When the man from the Washington Post called the Assistant Secretary to ask whether the Bush administration believes that embryos—microscopic clumps of cells—are human beings, the Assistant Secretary told him not to worry about it. The Post man had discovered an unpublicized change a month ago in the charter of the government's Human Research Protections Advisory Committee. The charter used to call on the committee to advise health officials "on a broad range of issues" about using people in medical research. As reported in the Post this week, it now calls for a "particular emphasis on … pregnant women, embryos and fetuses."
The Assistant Secretary said, in essence, it's only words. The committee can ignore them, and government officials can ignore the committee. The Assistant Secretary said the change was motivated by a special concern for women, and that the word "embryos" was used only because some people use the terms "embryo" and "fetus" interchangeably.
This last bit makes no sense whatsoever and must be a lie. There is no need to say "embryos and fetuses" for the benefit of people who think that the two words mean the same thing. The only reason to say "embryos and fetuses" is to address people who do not think they are the same thing, and to let them know that whatever you are saying applies to both.
It probably is true that this small puddle of verbiage will have no practical effect on government policy. It is just another Bush administration attempt—possibly even reflexive rather than calculated—to have it both ways on a controversial moral issue: Throw a bit of language to a powerful interest within the Republican Party (the religious right) while reassuring everybody else that nothing will come of it.
Pardon me for not being reassured. An assurance that someone can be counted on to violate his own alleged principles seems inherently unreliable. If politicians are going to claim to have principles, citizens are entitled to assume they mean what they say, however unlikely this may be. Does George W. Bush believe that embryos are human beings with full human rights, or does he not? As someone with a direct personal interest in the promise of stem-cell research, which uses discarded embryos from fertilization clinics, I would like a straight answer. So, I imagine, would those who truly believe that every discarded embryo is like a slaughtered infant.
If embryos are to be regarded as human beings, the Advisory Committee's job is easy: use of embryos violates almost any random paragraph in the government's human-research guidelines (the stuff about informed consent, for example, or discrimination against vulnerable groups). In fact if embryos are people, such research is morally impossible, along with all in vitro fertilization and many other familiar human activities. If an embryo is a human being, it is protected not just by the civil rights laws but by ordinary criminal laws as well. Should married couples be allowed to engage in a popular practice that routinely leads to the production and destruction of untold numbers of embryos? Well, there goes sex.
President Bush no doubt would find such logic-chopping tedious. A lack of intellectual vanity is one of his more appealing characteristics, though it sometimes smacks of aristocratic complacence. (Thinking is for losers!) He is not disconcerted, or probably even amused, at the thought of his administration defending an impossibly stupid policy premise on the basis of its own stupid impossibility.

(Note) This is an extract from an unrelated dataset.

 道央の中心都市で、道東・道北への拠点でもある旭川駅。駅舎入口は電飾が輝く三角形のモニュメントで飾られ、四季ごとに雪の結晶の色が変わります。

But medical research involving embryos is one issue where Bush has posed as a one-man Aspen Institute, bragging Clinton-style about all the books he has read, experts he has consulted, thinking he has done. And he has attempted to portray his incoherent policy as the result of subtle reasoning and moral anguish, rather than confusion and calculation.
In Washington, confusion and calculation are often mistaken for thoughtfulness. The press respects a politician who can't make up his mind. Huge reputations have been built around the comic premise that if you're of two minds about everything, you must be pretty brainy. President Bush, it's true, cannot easily exploit this convention. Widely regarded as having at most one mind, he may find two a hard sell. But on this one he's been trying: On the one hand, embryos are human beings. On the other hand, I'm only acting on that belief in random symbolic thrusts. Solomonic, eh? Now let's drop it.
Abortion is a tough question for most people, but the related issue of embryos and medical ethics can be a lot easier. It can be solved without a lot of stagy agonizing, and without trivializing other people's moral concerns, even ones you may not share. An embryo has no feelings, no self-awareness, nothing that would give anyone a concern about its welfare except for its potential to develop into something we recognize as human. Religion can give you that concern as a matter of faith, but government policy should not be based on this belief any more than on the religious belief of some people that plants have souls.
What bothers people is that there is no clear moment in human development when an embryo becomes a fetus or a fetus becomes a person. The gradual way fetuses take on aspects of real personhood is what makes the second line so controversial. The first line is not nearly so fraught with implications. There is a whole range of reasonable answers that threaten no one's personhood. Law and morality draw so-called "bright lines" all the time when reality is fuzzier. This one's easy, if a solution is what you want.
But if you actually solve the problem, you can't have it both ways. Better to keep agonizing.